Rules
”Sir, how does having a second earring in your ears affect your education?”
”I don’t know,” I said. “You would need to ask one of the senior staff.”
Year 8 students are at an age when they are beginning to flex their wings. Arriving at the beginning of Year 7, they have a timidity and insecurity. A year ago, they had just arrived from primary school and the “big” school was a new and intimidating place, a place where they would pass two metre tall Year 11 students in the corridor and where they would encounter very streetwise students from Years 9 and 10. A year later, there is a new cohort of Year 7 students and the Year 8 classes regard themselves as old hands.

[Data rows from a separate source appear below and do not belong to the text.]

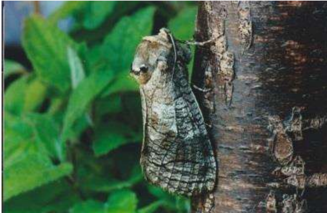
Cossus cossus wilgenhoutrups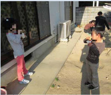
にわ 庭でシャボンだまふき をしています。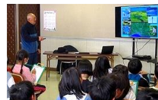
3年生は視聴覚室で。真剣に話を聞き、たくさんメモを取っていました。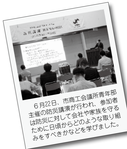
6月22日、市商工会議所青年部主催の防災講演が行われ、参加者は防災に対して会社や家族を守るために日頃からどのような取り組みをすべきかなどを学びました。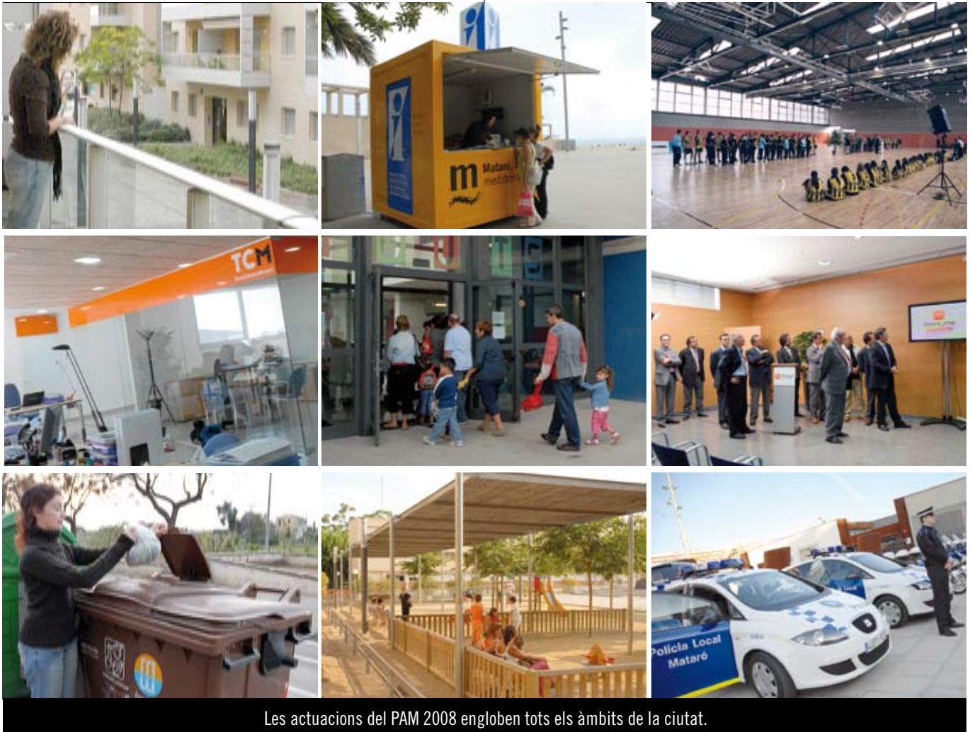
Les actuacions del PAM 2008 engloben tots els àmbits de la ciutat.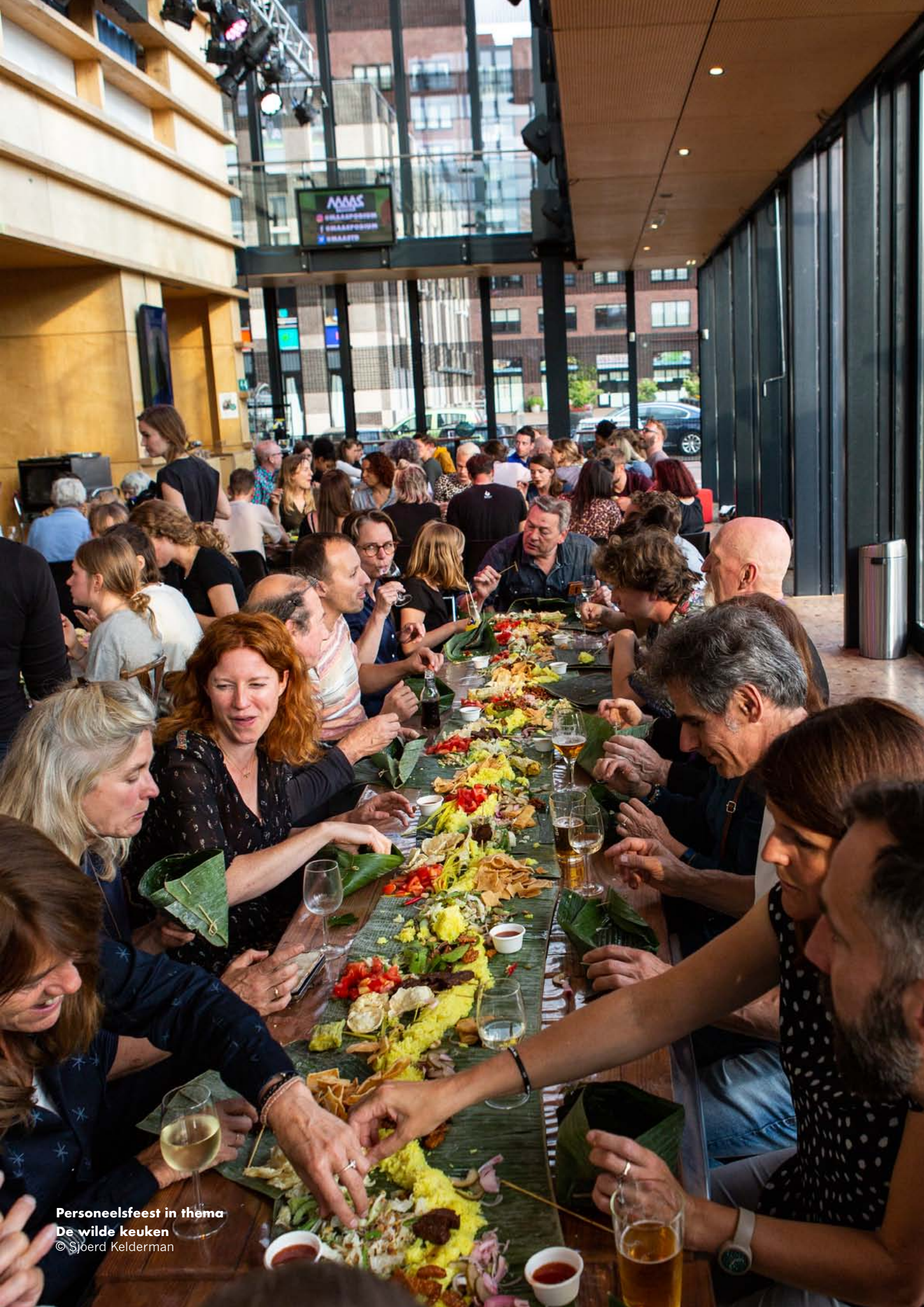
Personeelsfeest in thema De wilde keuken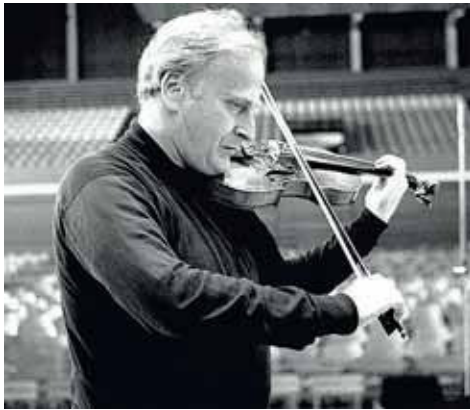
Yehudi Menuhin, eitt mesta séni tónlistarsögunnar, á æfingu í Laugardalshöllinni 1972.

Thus the question about earrings. I am not sure of the answer. Of course, the prohibition of hooped or dangly earrings has a logic about it, there is the possibility of them becoming caught in something. In situations where rows might flare up between students, there is the possibility of the earrings being caught by someone. Insisting that only stud earrings may be worn is a sensible course of action, but why only one pair?
The answer would presumably be that it is part of the school’s uniform policy and, if there is to be a policy, it must be upheld.
Uniform contributes much to the ethos of an institution. Smart uniform creates a sense of pride, of solidarity, of discipline. Uniform can be a very egalitarian, community-building, identity-creating thing. School colours and ties can become something in which people may take pride years after they have left an institution. But the people concerned, it is a matter of rules.
Had I been a student sitting in the classroom and not a teacher standing at the front, I might have asked a similar question. If something was not perceived to have a detrimental effect upon a student’s capacity to learn, then why was it a rule?
There seems much in the daily life of any school that seems arbitrary. Perhaps being faced with the sheer arbitrariness of school rules is a useful part of the preparation of students for life beyond the school gates.
If school life is arbitrary, it is a model of logic and consistency when compared with life in the adult world where choices are often without logic or consistency. The student who suggested that having a second pair of earrings might not affect one’s education may become a woman who asks questions about why people do what they do, why they spend what they do, why, when there are no rules, they are so dully conventional.